Millions of Sony PlayStation network users had their personal information stolen last month, and Facebook recently implemented facial recognition software that automatically links its users’ faces to photos, creating thoughts of privacy intrusion and leaving people wondering if their online information is safe.

Associate professor Marilyn Prosch, through the Privacy by Design Research Lab at the W.P. Carey School of Business, helps develop practices to keep data safe.  The lab, created with the help of Prosch, has been open for about two years.

Through the research lab, Prosch helps create guidelines for businesses to help them protect personal data, a job that she said businesses aren’t doing very effectively.

“There have just been so many data breeches,” she said. “Companies are not protecting it well enough, and as a consumer, you just have to deal with it.”

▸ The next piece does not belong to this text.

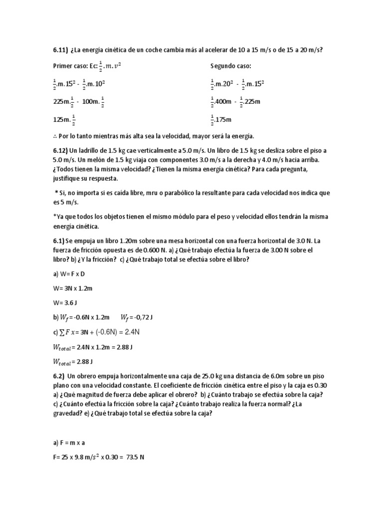 6.11) ¿La energía cinética de un coche cambia más al acelerar de 10 a 15 m/s o de 15 a 20 m/s?
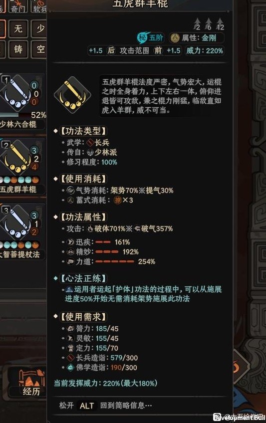 正逆群羊棍,效果可以在护体技能中释放,加速一半释放条,并且免提气/架势的消耗。

Prosch said personal data can be breeched due to how an individual accesses their information also.

“On the one hand, individuals are too trusting, and secondly, they’re not thinking before they get on a wireless network and log onto their information,” she said. “You could have the safest bank in the world and then log onto their website on a public wireless network and have your information stolen.”

Ryan Kozlak, a junior nursing student, had an experience where his personal financial data was breeched online.

“I looked on my statement and I saw that there was charges made to an airline, someone bought an airline ticket,” he said. “I just cancelled my account and got the money refunded, it wasn’t a big deal, but I have no idea how they got that info.”

Although Kozlak did have his financial information taken, he said he still prefers to pay bills and bank online.

“Yeah, you’re losing a little security, but the time you save is a big trade off,” he said.

Prosch said a good rule of thumb is to use different passwords for financial and personal information than the password that is used to log in to social networking sites.

When it comes to social networking specifically, she said the way people use them can be dangerous.

When people share their status updates or locations via social networking sites, they should take the time to think about who they want to know that information, and only share it with friends, Prosch said.

Sharing info with Facebook “friends” may not be the safest option either.

“Some people will just accept friends with everybody,” Prosch said. “They have friends who are friends of friends and they don’t really know who their friends are. People need to think about who their friends are.”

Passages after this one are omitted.